Texture features measure the smoothness, coarseness, and regularity of pixels in an image. The extracted texture descriptors quantify the mutual relationship among intensity values of neighboring pixels repeated over an area larger than the size of the relationship [30, 31]. There are several texture descriptors available in the literature [31]. We have chosen the following features:

Deviation

Let f(i) where (i = 1, 2, …, n) be the number of points whose intensity is i in the image and A x be the area of the image. The occurrence probability of intensity i in the image is given by \( h(i)=f(i)/{A}_x. \) The standard deviation is given by

$$ Deviation:\sigma ={\displaystyle \sum}_{i=1}^n{\left(i-\mu \right)}^2h(i) $$
(1)

where μ = mean of intensities.

Fractal Dimension (FD)

Theoretically, shapes of fractal objects remain invariant under successive magnification or shrinking of objects. Since texture is usually a scale-dependent measure [32], using fractal descriptors can alleviate this dependency.

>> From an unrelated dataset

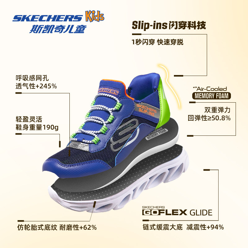 云感闪穿鞋|斯凯奇儿童一脚蹬童鞋春夏透气减震青少年跑步运动鞋

A basic parameter of a fractal set is called the fractal dimension (FD). FD indicates the roughness or irregularity in the pixel intensities of the image. Visual inspection of the benign and malignant images in Fig. 2 shows that there are differences in the regularity of pixel intensities in both classes. We have hence used FD as a measure to quantify this irregularity. The larger the FD value, the rougher the appearance of the image. Consider a surface S in Euclidean n-space. This surface is self-similar if it is the union of N r nonoverlapping copies of itself scaled up or down by a factor of r. Mathematically, FD is computed [33, 34] using the following formula:

$$ FD=\frac{ log{N}_r}{ log\left(\frac{1}{r}\right)} $$
(2)

In this work, we used the modified differential box counting with sequential algorithm to calculate FD [34]. The input of the algorithm is the grayscale image where the grid size is in the power of 2 for efficient computation. Maximum and minimum intensities for each (2 × 2) box are obtained to sum their difference, which gives the M and r by

$$ r=\frac{s}{M} $$
(3)

where M = min(R, C), s is the scale factor, and R and C are the number of rows and columns, respectively. When the grid size gets doubled, R and C reduce to half of their original value and above procedure is repeated iteratively until max(R, C) is greater than 2. Linear regression model is used to fit the line from plot log(N r ) vs. log(1/r) and the slope gives the FD as

$$ log\kern0.1em {N}_r= FD\kern0.2em log\left(\frac{1}{r}\right) $$
(4)

Gray-Level Co-occurrence Matrix (GLCM)

The elements of a Gray-Level Co-occurrence Matrix (GLCM) are made up of the relative number of times the gray-level pair (a, b) occurs when pixels are separated by the distance (a, b) = (1, 0). The GLCM of an m × n image can be defined by [35]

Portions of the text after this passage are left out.